▶ _EXTRACTED ENTRIES_:
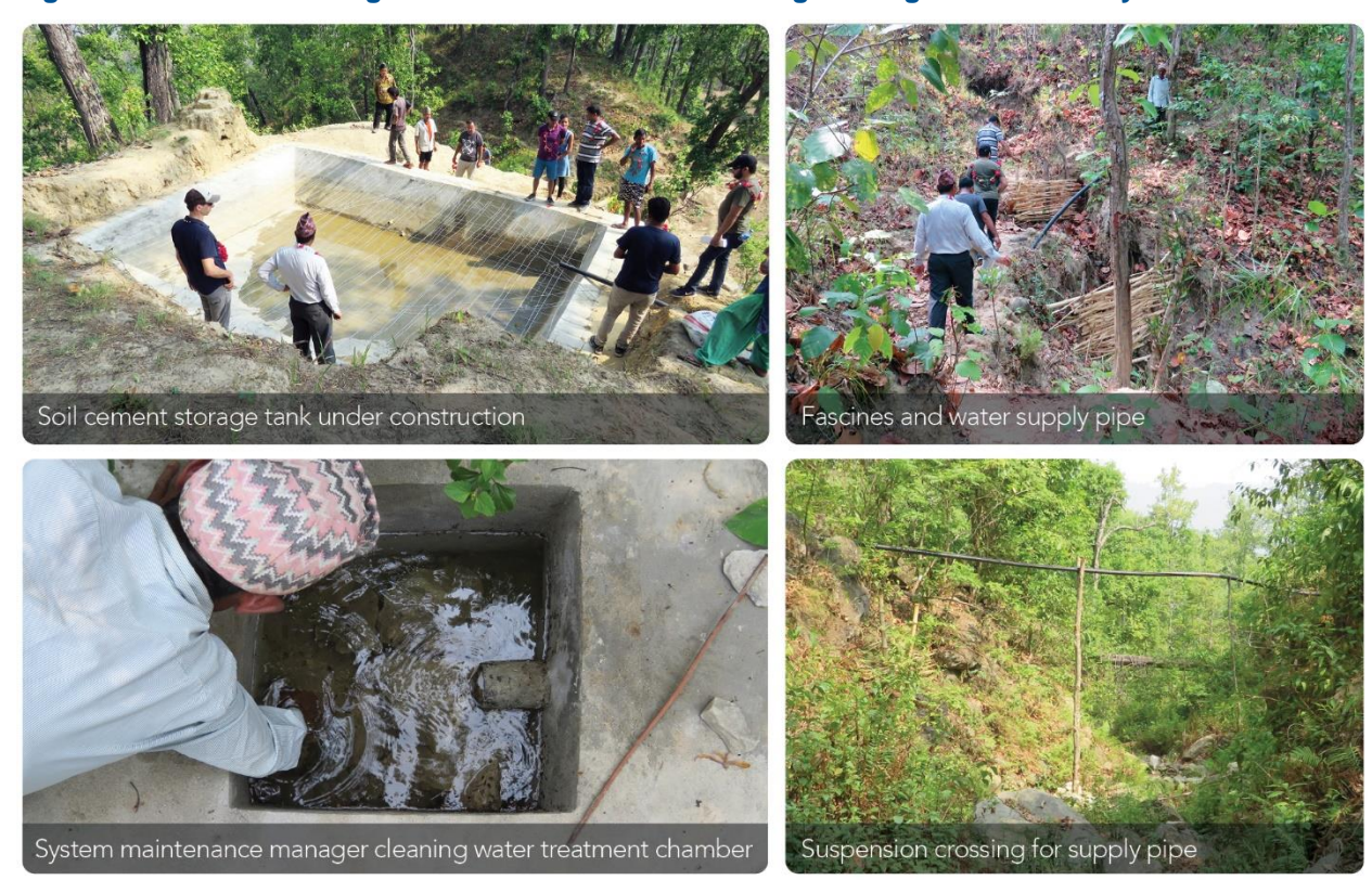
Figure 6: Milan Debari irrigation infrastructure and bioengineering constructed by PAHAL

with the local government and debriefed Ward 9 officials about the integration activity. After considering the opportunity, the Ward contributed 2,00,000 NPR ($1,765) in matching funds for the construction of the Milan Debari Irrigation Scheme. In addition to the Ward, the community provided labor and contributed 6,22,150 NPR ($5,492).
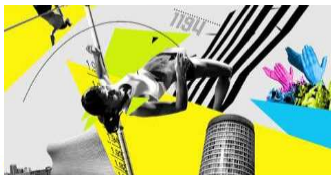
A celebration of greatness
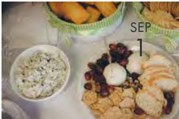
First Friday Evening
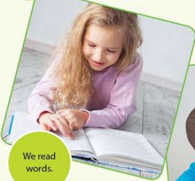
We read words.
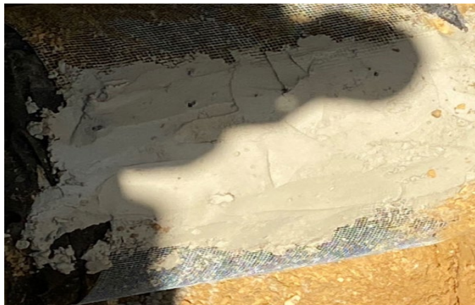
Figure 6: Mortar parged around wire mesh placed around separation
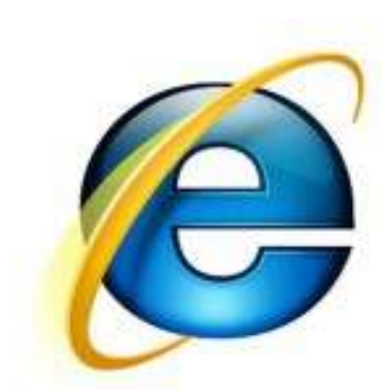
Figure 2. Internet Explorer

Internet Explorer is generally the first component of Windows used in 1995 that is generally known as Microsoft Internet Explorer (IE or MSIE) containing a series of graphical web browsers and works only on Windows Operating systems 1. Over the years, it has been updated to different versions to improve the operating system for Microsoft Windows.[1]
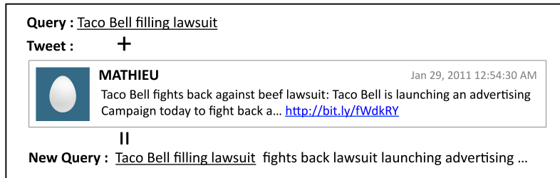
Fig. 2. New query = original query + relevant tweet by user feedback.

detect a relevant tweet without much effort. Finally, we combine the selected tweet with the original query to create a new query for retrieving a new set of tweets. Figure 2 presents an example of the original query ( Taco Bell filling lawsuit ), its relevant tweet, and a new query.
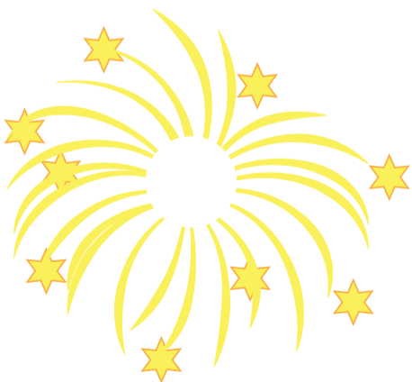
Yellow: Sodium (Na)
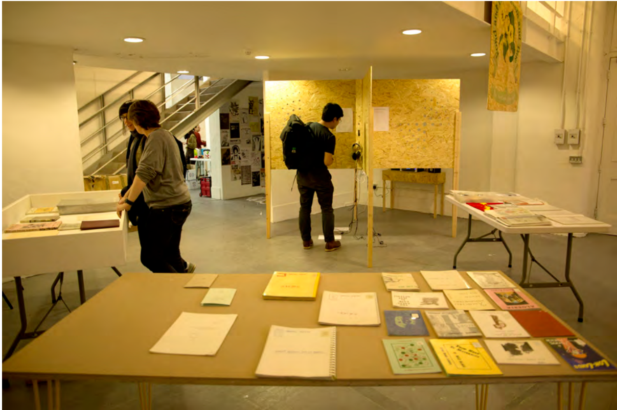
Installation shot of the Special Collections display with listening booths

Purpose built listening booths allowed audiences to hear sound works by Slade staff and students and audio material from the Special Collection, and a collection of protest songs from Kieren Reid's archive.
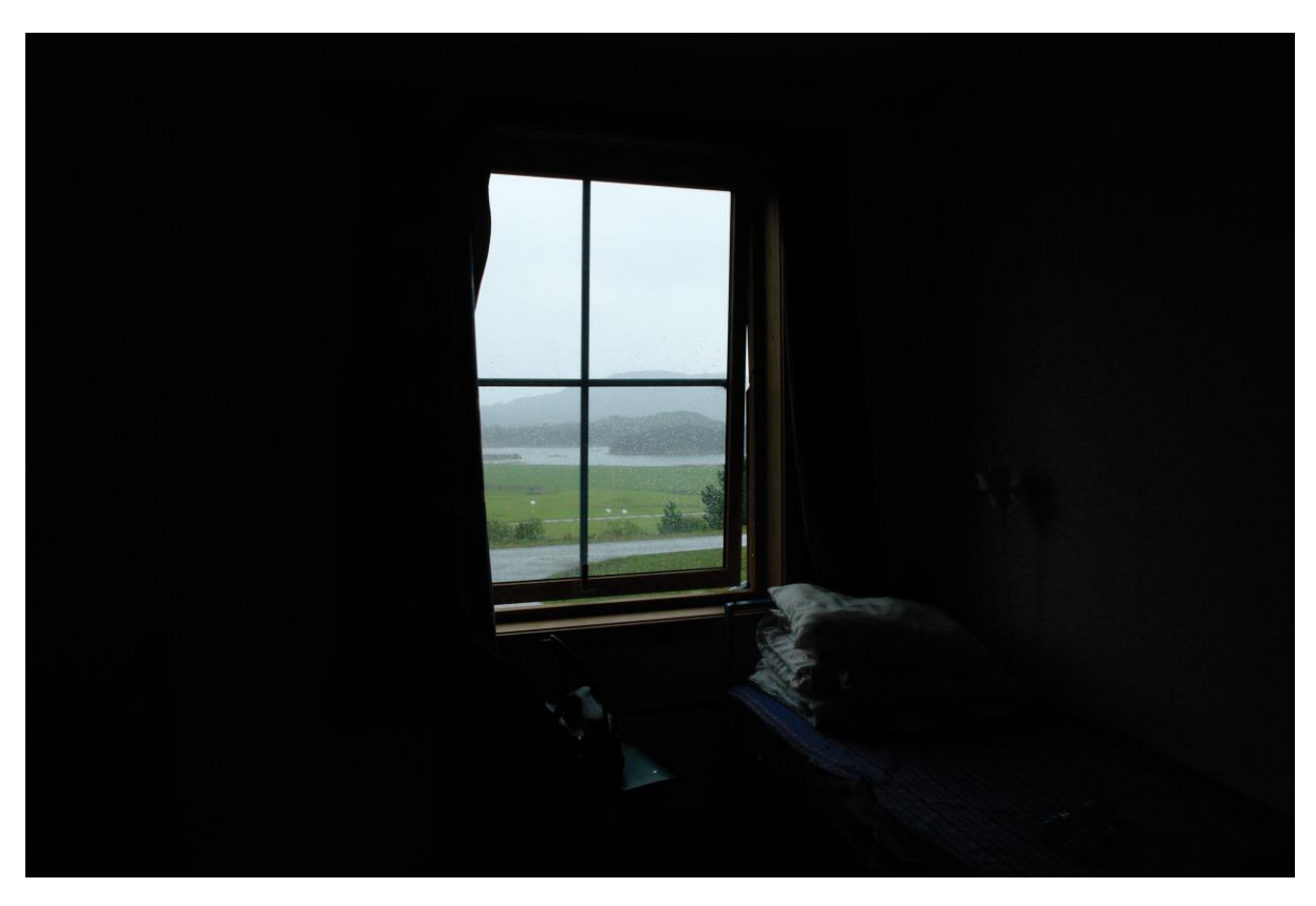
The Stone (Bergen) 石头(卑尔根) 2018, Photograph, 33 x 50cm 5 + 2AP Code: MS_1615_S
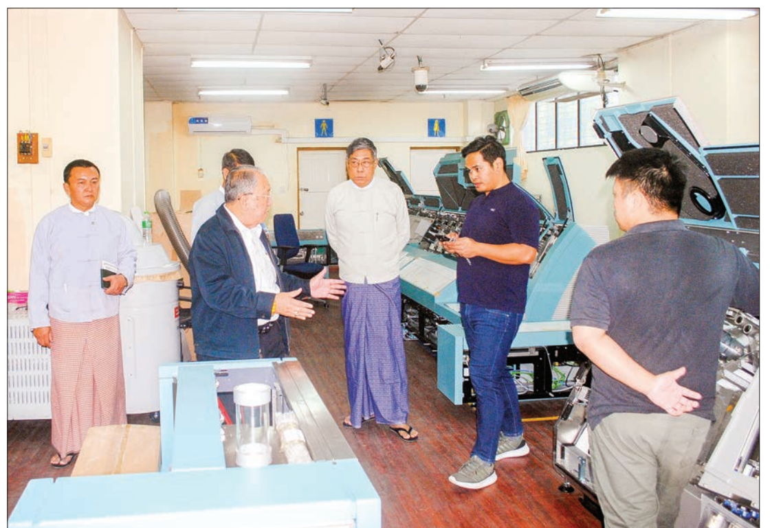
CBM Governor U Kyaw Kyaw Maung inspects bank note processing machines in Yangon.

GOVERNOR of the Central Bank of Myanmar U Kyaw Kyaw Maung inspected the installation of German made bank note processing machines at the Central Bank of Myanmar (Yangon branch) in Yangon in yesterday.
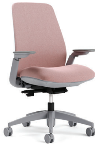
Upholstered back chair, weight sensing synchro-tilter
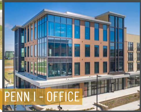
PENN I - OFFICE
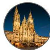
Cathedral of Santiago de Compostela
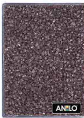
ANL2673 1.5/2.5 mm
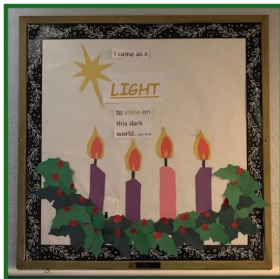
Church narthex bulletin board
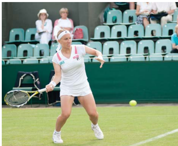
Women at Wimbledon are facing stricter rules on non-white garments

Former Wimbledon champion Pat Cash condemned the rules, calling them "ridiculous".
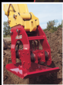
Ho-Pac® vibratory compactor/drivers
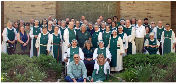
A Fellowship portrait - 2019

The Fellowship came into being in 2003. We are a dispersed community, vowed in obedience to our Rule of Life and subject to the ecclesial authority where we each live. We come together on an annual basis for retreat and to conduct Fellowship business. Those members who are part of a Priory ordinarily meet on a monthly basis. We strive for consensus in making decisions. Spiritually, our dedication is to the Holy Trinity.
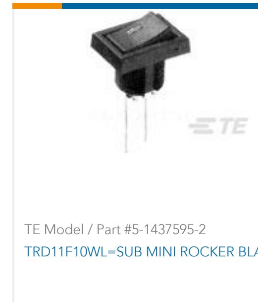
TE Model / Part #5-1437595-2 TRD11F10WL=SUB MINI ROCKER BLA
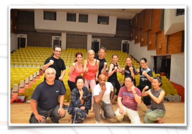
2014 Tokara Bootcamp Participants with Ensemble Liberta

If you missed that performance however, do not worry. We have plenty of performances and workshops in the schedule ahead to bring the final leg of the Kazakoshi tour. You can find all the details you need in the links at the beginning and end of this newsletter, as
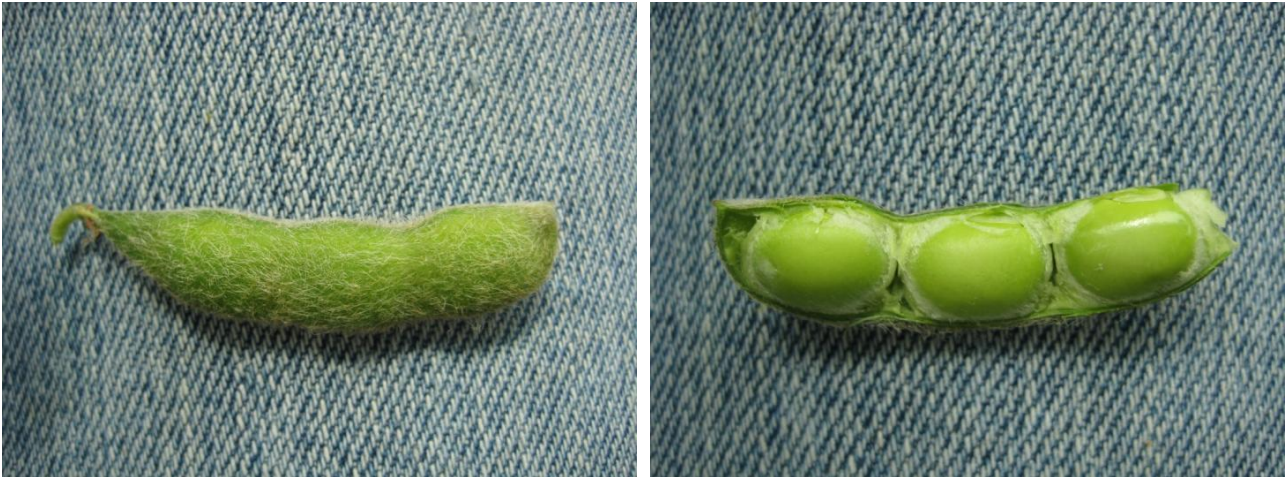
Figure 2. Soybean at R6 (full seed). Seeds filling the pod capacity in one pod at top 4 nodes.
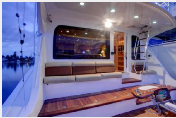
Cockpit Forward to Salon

▶ _INSTRUCTIONS FOR THE TASK_: Exactly as written, give again every line from the one containing "Former Wimbledon champion" through the last line of the material, both included, with the pictures left out.

▶ _SOLUTION TO THIS EXERCISE_:
Former Wimbledon champion Pat Cash condemned the rules, calling them "ridiculous".
Ho-Pac® vibratory compactor/drivers
A Fellowship portrait - 2019

The Fellowship came into being in 2003. We are a dispersed community, vowed in obedience to our Rule of Life and subject to the ecclesial authority where we each live. We come together on an annual basis for retreat and to conduct Fellowship business. Those members who are part of a Priory ordinarily meet on a monthly basis. We strive for consensus in making decisions. Spiritually, our dedication is to the Holy Trinity.
TE Model / Part #5-1437595-2 TRD11F10WL=SUB MINI ROCKER BLA
2014 Tokara Bootcamp Participants with Ensemble Liberta

If you missed that performance however, do not worry. We have plenty of performances and workshops in the schedule ahead to bring the final leg of the Kazakoshi tour. You can find all the details you need in the links at the beginning and end of this newsletter, as
Figure 2. Soybean at R6 (full seed). Seeds filling the pod capacity in one pod at top 4 nodes.
Cockpit Forward to Salon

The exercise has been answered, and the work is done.